TASK TO CARRY OUT >>
The lines to reproduce from the material below are those from the one containing "Funda para Teléfono" through the one containing "Elegant Wood Grain", both included; write them out exactly and add nothing.

══ GIVEN INFORMATION

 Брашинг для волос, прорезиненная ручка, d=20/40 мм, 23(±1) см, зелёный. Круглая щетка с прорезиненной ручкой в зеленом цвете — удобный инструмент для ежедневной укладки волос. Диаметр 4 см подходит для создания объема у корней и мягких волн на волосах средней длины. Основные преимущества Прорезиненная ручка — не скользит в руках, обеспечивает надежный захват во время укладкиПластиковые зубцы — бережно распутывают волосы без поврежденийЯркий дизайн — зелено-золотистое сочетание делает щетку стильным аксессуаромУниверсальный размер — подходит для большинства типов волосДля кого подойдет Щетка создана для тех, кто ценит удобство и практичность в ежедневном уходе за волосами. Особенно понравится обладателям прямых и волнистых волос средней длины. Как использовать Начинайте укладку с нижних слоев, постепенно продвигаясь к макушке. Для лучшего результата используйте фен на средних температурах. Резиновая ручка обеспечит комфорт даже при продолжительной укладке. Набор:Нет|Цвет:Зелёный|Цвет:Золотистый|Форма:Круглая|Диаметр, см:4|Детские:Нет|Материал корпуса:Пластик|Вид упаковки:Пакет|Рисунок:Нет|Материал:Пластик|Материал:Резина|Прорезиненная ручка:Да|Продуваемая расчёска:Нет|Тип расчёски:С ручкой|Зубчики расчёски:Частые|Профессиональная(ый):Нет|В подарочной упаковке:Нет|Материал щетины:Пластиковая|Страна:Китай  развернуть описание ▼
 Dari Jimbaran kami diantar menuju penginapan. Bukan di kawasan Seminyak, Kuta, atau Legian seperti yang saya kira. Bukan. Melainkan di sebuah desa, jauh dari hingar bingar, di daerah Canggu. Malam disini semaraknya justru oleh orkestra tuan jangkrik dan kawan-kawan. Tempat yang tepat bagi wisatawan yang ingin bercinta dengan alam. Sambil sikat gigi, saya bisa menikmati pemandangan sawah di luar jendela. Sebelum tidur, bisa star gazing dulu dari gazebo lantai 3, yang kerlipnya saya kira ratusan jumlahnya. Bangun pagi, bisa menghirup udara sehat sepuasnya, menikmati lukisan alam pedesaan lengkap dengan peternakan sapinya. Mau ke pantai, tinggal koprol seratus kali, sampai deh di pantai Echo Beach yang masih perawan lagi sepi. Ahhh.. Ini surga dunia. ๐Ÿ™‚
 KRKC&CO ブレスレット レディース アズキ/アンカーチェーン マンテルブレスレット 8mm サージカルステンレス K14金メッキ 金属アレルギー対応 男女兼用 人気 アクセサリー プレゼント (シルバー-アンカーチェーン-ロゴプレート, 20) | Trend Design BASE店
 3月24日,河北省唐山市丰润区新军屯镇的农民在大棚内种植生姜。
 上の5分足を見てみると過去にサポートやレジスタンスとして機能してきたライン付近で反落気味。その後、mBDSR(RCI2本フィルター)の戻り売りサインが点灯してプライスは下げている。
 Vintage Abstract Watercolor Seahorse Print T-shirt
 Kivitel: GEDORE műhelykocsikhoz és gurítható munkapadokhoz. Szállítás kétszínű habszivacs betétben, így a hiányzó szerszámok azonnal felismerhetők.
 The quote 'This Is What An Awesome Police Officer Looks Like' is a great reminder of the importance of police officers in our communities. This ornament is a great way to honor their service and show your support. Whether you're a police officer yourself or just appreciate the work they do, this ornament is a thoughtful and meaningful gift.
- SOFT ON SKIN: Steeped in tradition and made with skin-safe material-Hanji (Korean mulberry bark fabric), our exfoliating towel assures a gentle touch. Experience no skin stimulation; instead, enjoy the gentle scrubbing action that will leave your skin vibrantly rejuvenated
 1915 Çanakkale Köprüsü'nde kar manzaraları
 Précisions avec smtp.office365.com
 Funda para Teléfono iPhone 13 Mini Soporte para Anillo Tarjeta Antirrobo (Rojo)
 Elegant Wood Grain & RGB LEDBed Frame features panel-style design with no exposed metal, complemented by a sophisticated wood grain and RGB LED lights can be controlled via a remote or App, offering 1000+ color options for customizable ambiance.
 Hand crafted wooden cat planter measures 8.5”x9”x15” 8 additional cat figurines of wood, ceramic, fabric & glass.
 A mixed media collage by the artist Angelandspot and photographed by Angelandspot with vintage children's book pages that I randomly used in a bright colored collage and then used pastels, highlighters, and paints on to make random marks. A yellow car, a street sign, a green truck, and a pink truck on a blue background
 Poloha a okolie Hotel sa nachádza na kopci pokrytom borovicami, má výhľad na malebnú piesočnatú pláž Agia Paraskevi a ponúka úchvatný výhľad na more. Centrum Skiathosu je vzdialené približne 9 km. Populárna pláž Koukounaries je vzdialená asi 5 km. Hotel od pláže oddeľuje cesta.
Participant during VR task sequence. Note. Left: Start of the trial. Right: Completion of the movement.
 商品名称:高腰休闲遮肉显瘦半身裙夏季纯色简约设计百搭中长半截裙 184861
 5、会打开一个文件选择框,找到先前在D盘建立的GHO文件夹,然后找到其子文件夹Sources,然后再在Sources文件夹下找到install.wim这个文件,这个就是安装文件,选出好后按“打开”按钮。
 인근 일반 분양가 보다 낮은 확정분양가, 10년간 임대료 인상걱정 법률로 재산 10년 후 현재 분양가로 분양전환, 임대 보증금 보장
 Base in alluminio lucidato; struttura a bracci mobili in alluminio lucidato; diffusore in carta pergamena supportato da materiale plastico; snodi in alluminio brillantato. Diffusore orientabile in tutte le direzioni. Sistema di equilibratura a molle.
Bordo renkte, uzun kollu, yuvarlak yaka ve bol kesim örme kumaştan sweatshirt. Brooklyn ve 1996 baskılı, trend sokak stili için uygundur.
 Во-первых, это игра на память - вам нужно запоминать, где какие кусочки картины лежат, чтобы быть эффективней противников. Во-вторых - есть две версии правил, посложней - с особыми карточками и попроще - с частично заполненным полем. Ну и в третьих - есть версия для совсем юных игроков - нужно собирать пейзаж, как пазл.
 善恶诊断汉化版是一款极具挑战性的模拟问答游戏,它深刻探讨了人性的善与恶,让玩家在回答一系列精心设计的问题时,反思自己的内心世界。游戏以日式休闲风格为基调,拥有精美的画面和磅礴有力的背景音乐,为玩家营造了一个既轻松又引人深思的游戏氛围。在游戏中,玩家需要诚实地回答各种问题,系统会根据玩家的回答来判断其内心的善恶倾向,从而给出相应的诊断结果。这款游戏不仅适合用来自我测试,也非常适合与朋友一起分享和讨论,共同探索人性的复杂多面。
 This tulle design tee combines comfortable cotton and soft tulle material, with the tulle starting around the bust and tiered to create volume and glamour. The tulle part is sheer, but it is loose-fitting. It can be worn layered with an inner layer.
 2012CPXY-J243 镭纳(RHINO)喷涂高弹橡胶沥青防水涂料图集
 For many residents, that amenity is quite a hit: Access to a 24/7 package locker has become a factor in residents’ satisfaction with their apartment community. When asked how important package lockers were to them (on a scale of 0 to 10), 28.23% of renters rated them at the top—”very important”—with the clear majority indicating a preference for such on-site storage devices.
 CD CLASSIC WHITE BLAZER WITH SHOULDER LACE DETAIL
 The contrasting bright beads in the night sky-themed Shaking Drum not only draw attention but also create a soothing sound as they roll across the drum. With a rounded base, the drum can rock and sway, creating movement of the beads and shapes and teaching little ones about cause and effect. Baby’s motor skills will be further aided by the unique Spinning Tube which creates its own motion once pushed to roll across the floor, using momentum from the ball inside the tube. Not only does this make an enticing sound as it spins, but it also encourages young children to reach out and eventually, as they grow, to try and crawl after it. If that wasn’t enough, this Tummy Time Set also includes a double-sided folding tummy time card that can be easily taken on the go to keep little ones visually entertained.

════

THE COMPLETED TASK >>
 Funda para Teléfono iPhone 13 Mini Soporte para Anillo Tarjeta Antirrobo (Rojo)
 Elegant Wood Grain & RGB LEDBed Frame features panel-style design with no exposed metal, complemented by a sophisticated wood grain and RGB LED lights can be controlled via a remote or App, offering 1000+ color options for customizable ambiance.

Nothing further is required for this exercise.